How you goin' to tell, anyway? Most of 'em say they've been thrown out of work by the trusts, but that they've heard of a job in Newark, or Bridgeport, or somewhere, which they could get if they could only rustle enough coin to pay the fare. And they'll add interestin'

details about havin' a sick wife, or maybe four hungry kids, and so on.

But this rusty bunch of works has a new variation. He's an old friend of the boss. Maybe it was partly so too. If it was--well, I got to thinkin' that over while the operator was countin' the words, and so the next thing I does is to walk over to the telephone queen and have her call up Mr. Robert.

"Well?" says he, impatient.

"It's Torchy again," says I. "I've filed the message, all right.
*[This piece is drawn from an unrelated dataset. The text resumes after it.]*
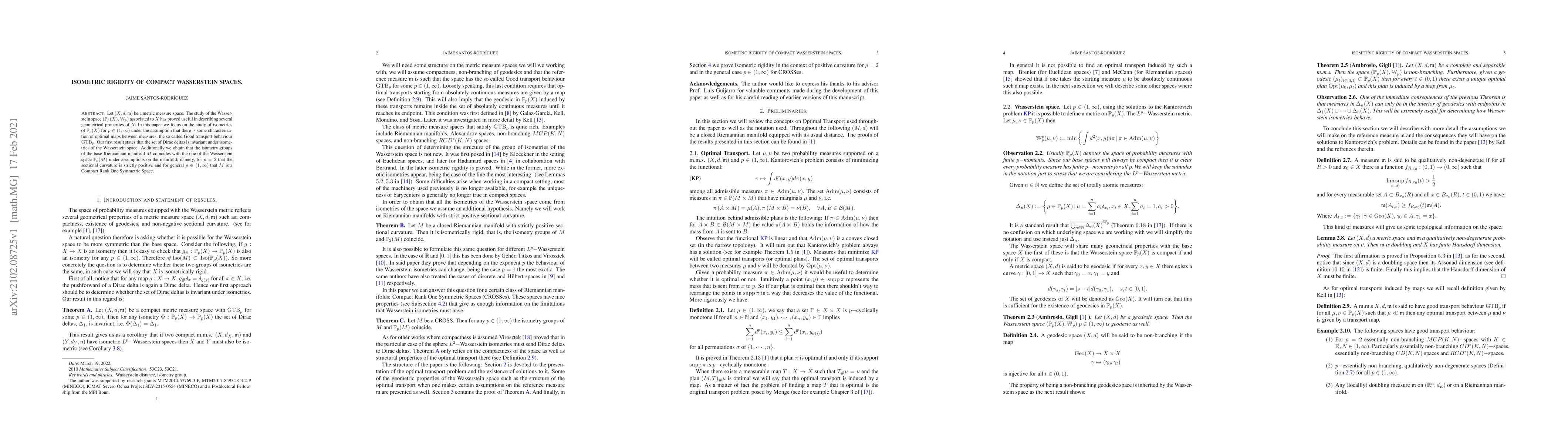This paper studies isometries of compact Wasserstein spaces, showing that Dirac deltas are invariant under these transformations and the isometry groups of the base manifold coincide with those of the Wasserstein space under certain conditions.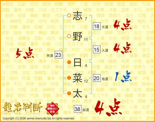 志(7画)野(11画) 日(4画)菜(12画)太(4画)

But, say, there's a piece of human junk that I collected from in front of the club who's tryin' to panhandle me for a half on the strength of bein' an old chum of yours. He says his name's Melville Slater."

"Wha-a-at!" gasps Mr. Robert. "Melly Slater, trying to borrow half a dollar from you?"

"There's no doubt about his needin' it," says I. "My guess is that a half would be a life saver to him just now."

"Why, it doesn't seem possible!!" says Mr. Robert. "Of course, I haven't seen Melly recently; but I can't imagine how---- Did you say he was still there?"

"Hung up on the rail outside, if the cop ain't shooed him off," says I.

"Then keep him there until I come," says Mr. Robert. "If it's Melly, I must come. I'll be right over. But don't say a word to him until I get there."

"Got you," says I. "Hold Melly and keep mum."

I could pipe him off through the swing door vestibule; and, honest, from the lifeless way he's propped up there, one arm hangin' loose, his head to one side, and that white, pasty look to his nose and forehead--well, I didn't know but he'd croaked on the spot. So I slips through the cafe exit and chases along the side street until I meets Mr. Robert, who's pikin' over full tilt.

"You're sure it's Melly Slater, are you?" says he.

"I'm only sure that's what he said," says I. "But you can settle that soon enough. There he is, over there by the window."

"Why!" says Mr. Robert. "That can never be Melly; that is, unless he's changed wonderfully." With that he marches up and taps the object on the shoulder. "I say," says he, "you're not really Melly Slater, are you?"

There's a quick shiver runs through the man against the rail, and he lifts his eyes up cringin', like he expected to be hit with a club.